● Source information:
-------

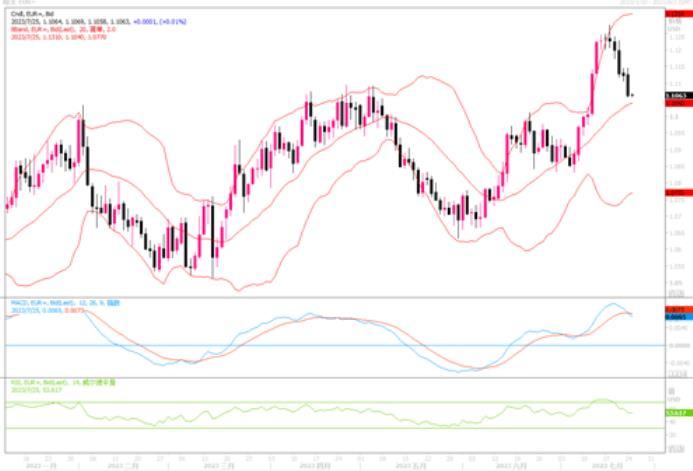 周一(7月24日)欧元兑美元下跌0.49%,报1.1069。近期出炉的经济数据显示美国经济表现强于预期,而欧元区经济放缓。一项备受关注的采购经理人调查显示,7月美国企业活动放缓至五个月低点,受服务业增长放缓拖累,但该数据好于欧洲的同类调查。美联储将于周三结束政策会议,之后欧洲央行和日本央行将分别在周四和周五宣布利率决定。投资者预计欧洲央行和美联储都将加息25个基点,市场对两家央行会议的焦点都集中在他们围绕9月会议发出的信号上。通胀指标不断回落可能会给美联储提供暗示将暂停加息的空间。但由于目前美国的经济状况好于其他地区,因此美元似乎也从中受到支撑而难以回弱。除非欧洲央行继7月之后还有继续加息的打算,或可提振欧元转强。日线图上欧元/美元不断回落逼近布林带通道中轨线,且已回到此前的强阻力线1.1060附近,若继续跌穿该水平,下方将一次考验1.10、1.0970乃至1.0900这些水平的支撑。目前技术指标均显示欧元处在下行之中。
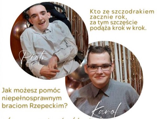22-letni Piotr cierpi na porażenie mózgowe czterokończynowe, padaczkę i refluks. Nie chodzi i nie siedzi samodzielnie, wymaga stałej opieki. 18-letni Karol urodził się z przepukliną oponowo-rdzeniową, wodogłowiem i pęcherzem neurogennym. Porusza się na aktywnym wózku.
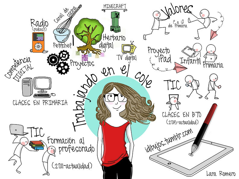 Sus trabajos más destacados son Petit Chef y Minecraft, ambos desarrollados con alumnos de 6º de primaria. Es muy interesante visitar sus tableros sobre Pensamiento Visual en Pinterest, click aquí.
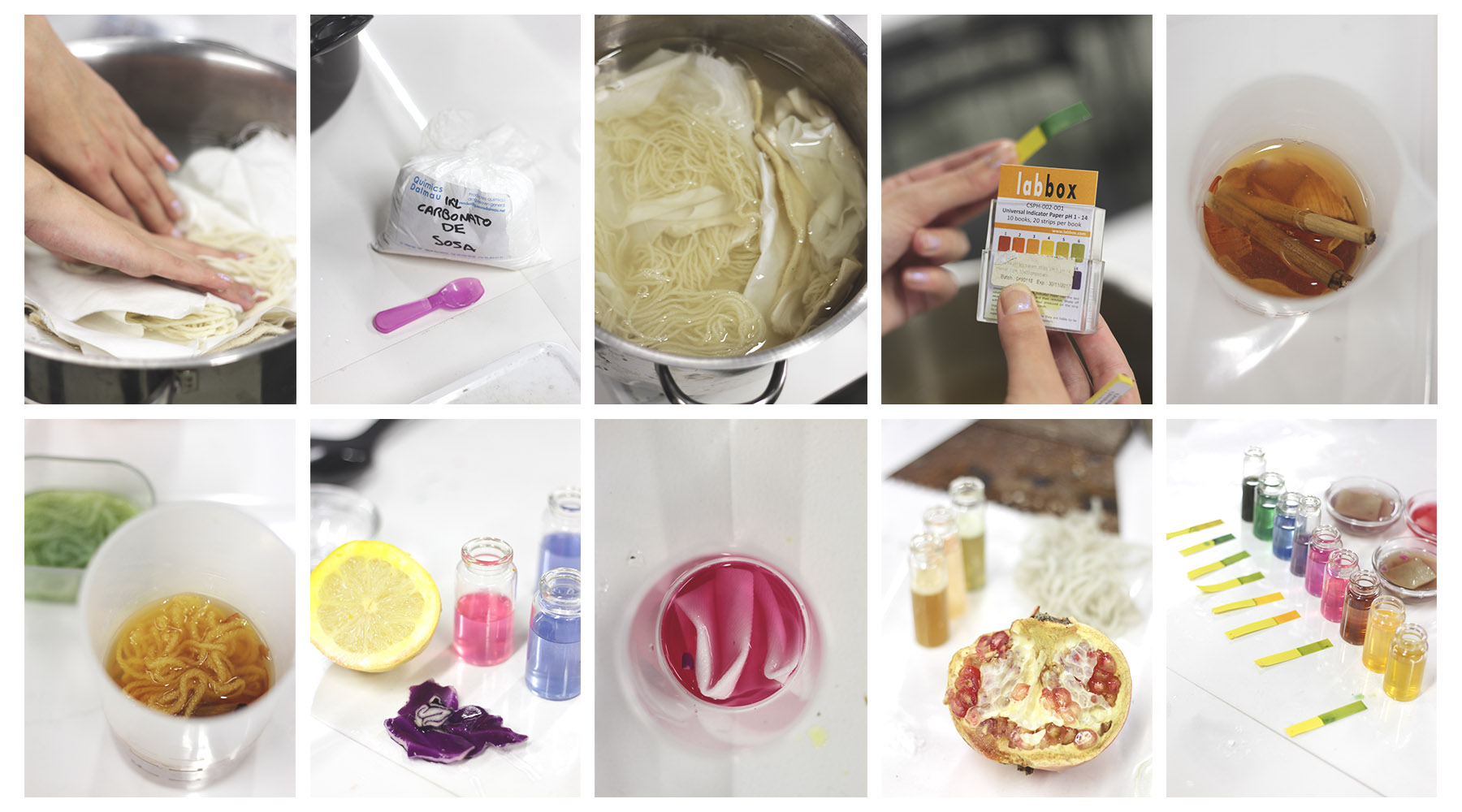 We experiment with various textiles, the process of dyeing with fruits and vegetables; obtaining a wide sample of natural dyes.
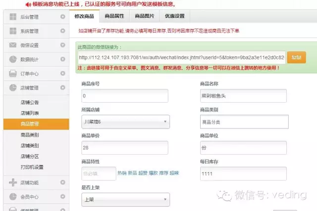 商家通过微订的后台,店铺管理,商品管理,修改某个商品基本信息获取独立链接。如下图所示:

-------

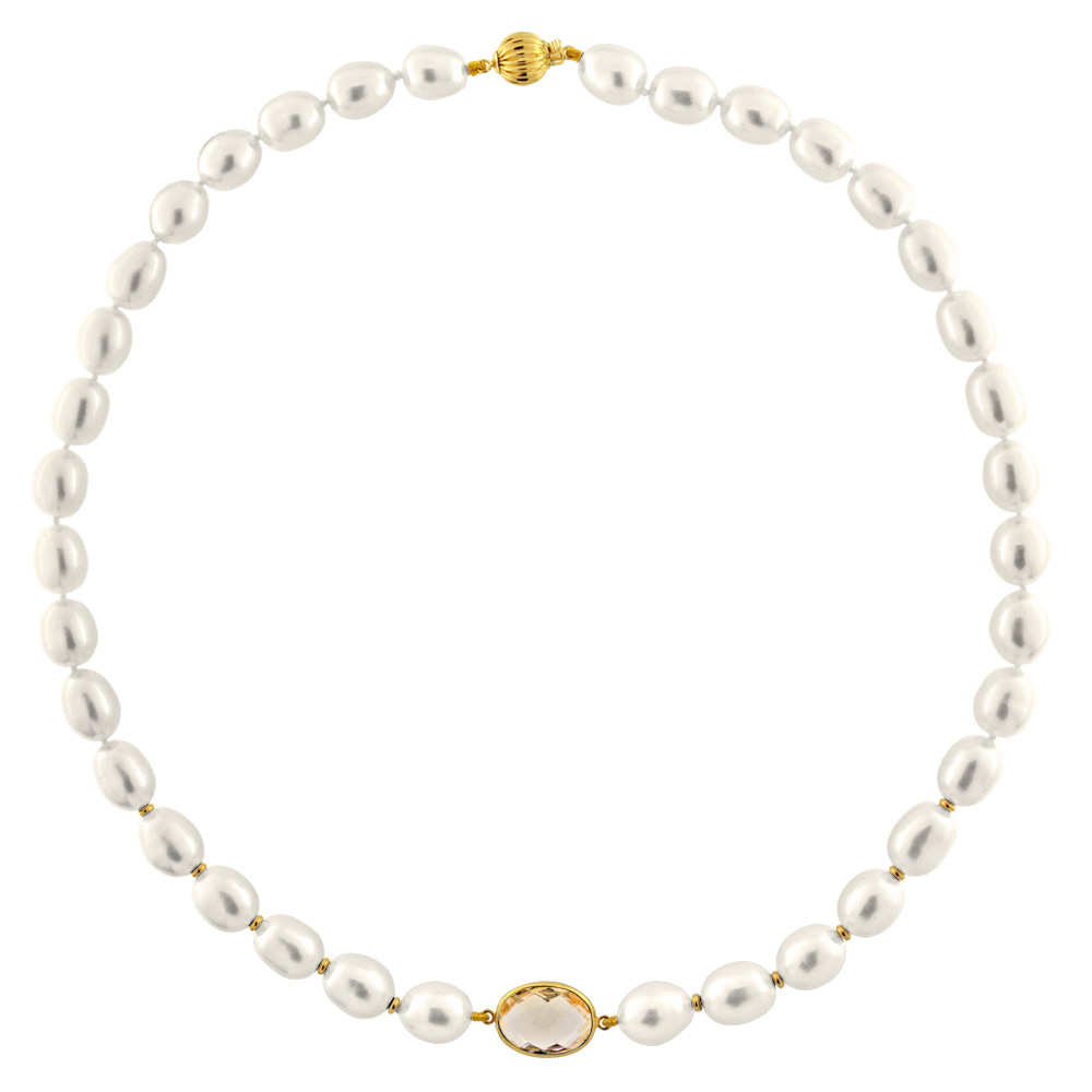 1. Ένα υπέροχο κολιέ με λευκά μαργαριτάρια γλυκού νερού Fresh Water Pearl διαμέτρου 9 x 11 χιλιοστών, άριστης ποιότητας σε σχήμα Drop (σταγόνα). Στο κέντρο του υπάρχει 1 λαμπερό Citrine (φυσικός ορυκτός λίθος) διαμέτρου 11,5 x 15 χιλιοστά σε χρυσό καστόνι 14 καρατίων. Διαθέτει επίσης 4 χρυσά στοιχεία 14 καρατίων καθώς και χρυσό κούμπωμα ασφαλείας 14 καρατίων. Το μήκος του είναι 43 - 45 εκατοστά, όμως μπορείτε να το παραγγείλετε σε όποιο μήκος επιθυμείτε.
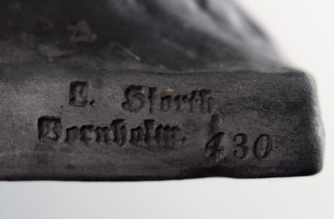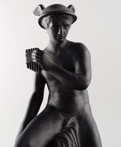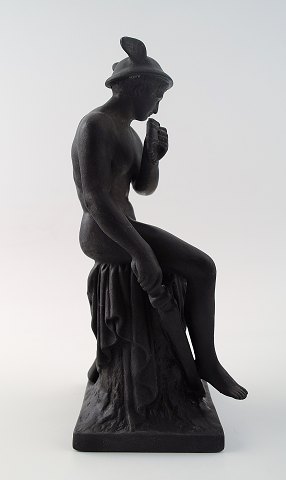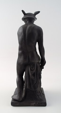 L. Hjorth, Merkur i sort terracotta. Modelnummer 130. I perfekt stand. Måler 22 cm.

-------

● Work required:
Each line between the one holding "1. Ένα υπέροχο" and the one holding "L. Hjorth, Merkur", inclusive, should be copied exactly as it appears above, and pictures should be omitted.

● Solution below:
 1. Ένα υπέροχο κολιέ με λευκά μαργαριτάρια γλυκού νερού Fresh Water Pearl διαμέτρου 9 x 11 χιλιοστών, άριστης ποιότητας σε σχήμα Drop (σταγόνα). Στο κέντρο του υπάρχει 1 λαμπερό Citrine (φυσικός ορυκτός λίθος) διαμέτρου 11,5 x 15 χιλιοστά σε χρυσό καστόνι 14 καρατίων. Διαθέτει επίσης 4 χρυσά στοιχεία 14 καρατίων καθώς και χρυσό κούμπωμα ασφαλείας 14 καρατίων. Το μήκος του είναι 43 - 45 εκατοστά, όμως μπορείτε να το παραγγείλετε σε όποιο μήκος επιθυμείτε.
 L. Hjorth, Merkur i sort terracotta. Modelnummer 130. I perfekt stand. Måler 22 cm.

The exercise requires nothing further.